Date of Graduation


Document Type


Degree Type



Eberly College of Arts and Sciences


Geology and Geography

Committee Chair

Robert Hanham


Geographic theories regarding uneven development, including Neil Smith's convergence of Marxist theory and spatial development and David Harvey's development of scalar fix and later conceptual development of the process of capital accumulation, historically have focused primarily on how and why uneven development occurs. Research to date has provided only a cursory examination of what role, if any, the state plays in impacting uneven development, has not endeavored to characterize the state as an active, purposeful spatial player in the process of uneven development, and has not conceptualized how the state impacts uneven development through spatial practices, if the state does in fact do so. This dissertation attempts to fill that gap in the literature by examining the state's role in uneven development and theorizing that the state plays an active spatial role in impacting uneven development to benefit capital interests.
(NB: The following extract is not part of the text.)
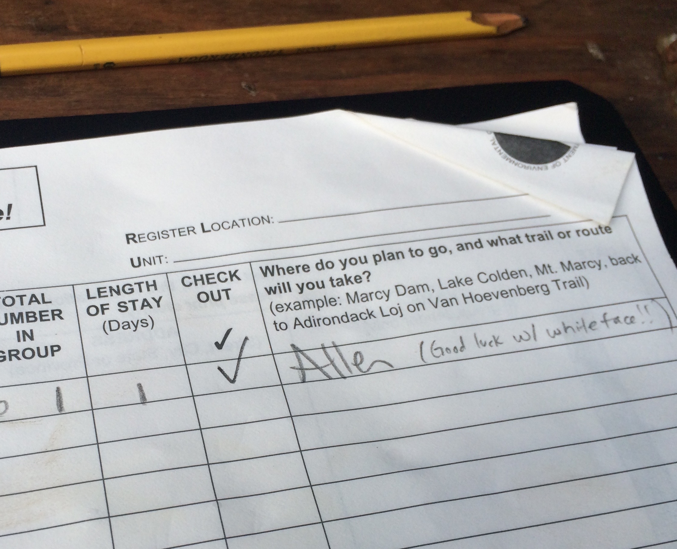 A few memories of the day, was meeting a man hiking down with a group, celebrating his 46. Nice job!! And having chatted with a couple at the parking lot earlier in the day, several people stopped me on the way up, asking if I was the girl who was on #45 to give me high fives. The couple also left me this cute note in the trail register. They were all kinds of awesome and brought a smile to my face numerous times. I simply love the people I meet on the trail and kinship that develops hiking the ADK46.

The dissertation conceptually develops and illustrates a new theory of flexible rescaling which builds on the prior work of Smith and Harvey and attempts to elucidate the under conceptualized role of the state. Through flexible rescaling the state can be seen actively engaged in the redistribution of internal power within the confines of an already established but inherently flexible fixed network of power, acting as a committee serving the interests of capital. This dissertation uses dialectics as its methodology, both to develop the conceptual framework and to illustrate the state's use of it in a more concrete context where the state rescales power upward or downward or rescales power laterally to facilitate spatial change while fostering consent and/or overcoming any obstacle to spatial change. The dissertation uses examples from Appalachia of land practices resulting in uneven development brought about by state spatial practices that benefit capital to illustrate the theoretical development of flexible rescaling.